## Data shown
———

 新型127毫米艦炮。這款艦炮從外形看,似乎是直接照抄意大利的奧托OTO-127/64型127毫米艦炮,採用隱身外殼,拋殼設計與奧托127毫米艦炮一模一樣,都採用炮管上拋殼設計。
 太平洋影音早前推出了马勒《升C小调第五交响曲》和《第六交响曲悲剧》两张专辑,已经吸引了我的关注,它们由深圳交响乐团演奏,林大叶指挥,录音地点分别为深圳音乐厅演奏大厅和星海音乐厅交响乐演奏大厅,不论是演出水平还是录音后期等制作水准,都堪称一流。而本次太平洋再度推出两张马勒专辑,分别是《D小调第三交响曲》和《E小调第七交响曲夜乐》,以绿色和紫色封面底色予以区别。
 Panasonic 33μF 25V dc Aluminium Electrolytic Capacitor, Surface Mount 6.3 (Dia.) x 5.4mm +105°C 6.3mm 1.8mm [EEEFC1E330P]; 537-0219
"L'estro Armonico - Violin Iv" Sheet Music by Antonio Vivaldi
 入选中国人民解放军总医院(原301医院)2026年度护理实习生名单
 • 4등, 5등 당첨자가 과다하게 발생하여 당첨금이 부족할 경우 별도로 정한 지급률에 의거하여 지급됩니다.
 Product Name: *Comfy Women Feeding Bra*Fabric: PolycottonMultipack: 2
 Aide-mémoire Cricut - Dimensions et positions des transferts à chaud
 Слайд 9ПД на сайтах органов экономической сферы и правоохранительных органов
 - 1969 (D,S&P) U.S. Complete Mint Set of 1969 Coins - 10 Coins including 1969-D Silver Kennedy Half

———

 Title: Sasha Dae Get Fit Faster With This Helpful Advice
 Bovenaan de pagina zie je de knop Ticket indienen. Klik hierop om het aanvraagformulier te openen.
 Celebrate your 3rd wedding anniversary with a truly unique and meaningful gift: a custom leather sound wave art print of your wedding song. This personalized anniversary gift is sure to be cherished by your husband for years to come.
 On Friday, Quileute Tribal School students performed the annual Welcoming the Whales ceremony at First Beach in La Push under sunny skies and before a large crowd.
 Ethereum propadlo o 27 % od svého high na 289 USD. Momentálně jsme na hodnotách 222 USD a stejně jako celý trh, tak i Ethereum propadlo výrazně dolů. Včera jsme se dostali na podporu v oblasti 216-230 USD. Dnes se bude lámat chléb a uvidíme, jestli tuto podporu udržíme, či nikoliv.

———

## What this task involves
Take the stretch of lines above from the one containing "by Antonio Vivaldi" through the one containing "- 1969 (D,S&P)" and repeat it exactly, adding no other line.

## Written response
"L'estro Armonico - Violin Iv" Sheet Music by Antonio Vivaldi
 入选中国人民解放军总医院(原301医院)2026年度护理实习生名单
 • 4등, 5등 당첨자가 과다하게 발생하여 당첨금이 부족할 경우 별도로 정한 지급률에 의거하여 지급됩니다.
 Product Name: *Comfy Women Feeding Bra*Fabric: PolycottonMultipack: 2
 Aide-mémoire Cricut - Dimensions et positions des transferts à chaud
 Слайд 9ПД на сайтах органов экономической сферы и правоохранительных органов
 - 1969 (D,S&P) U.S. Complete Mint Set of 1969 Coins - 10 Coins including 1969-D Silver Kennedy Half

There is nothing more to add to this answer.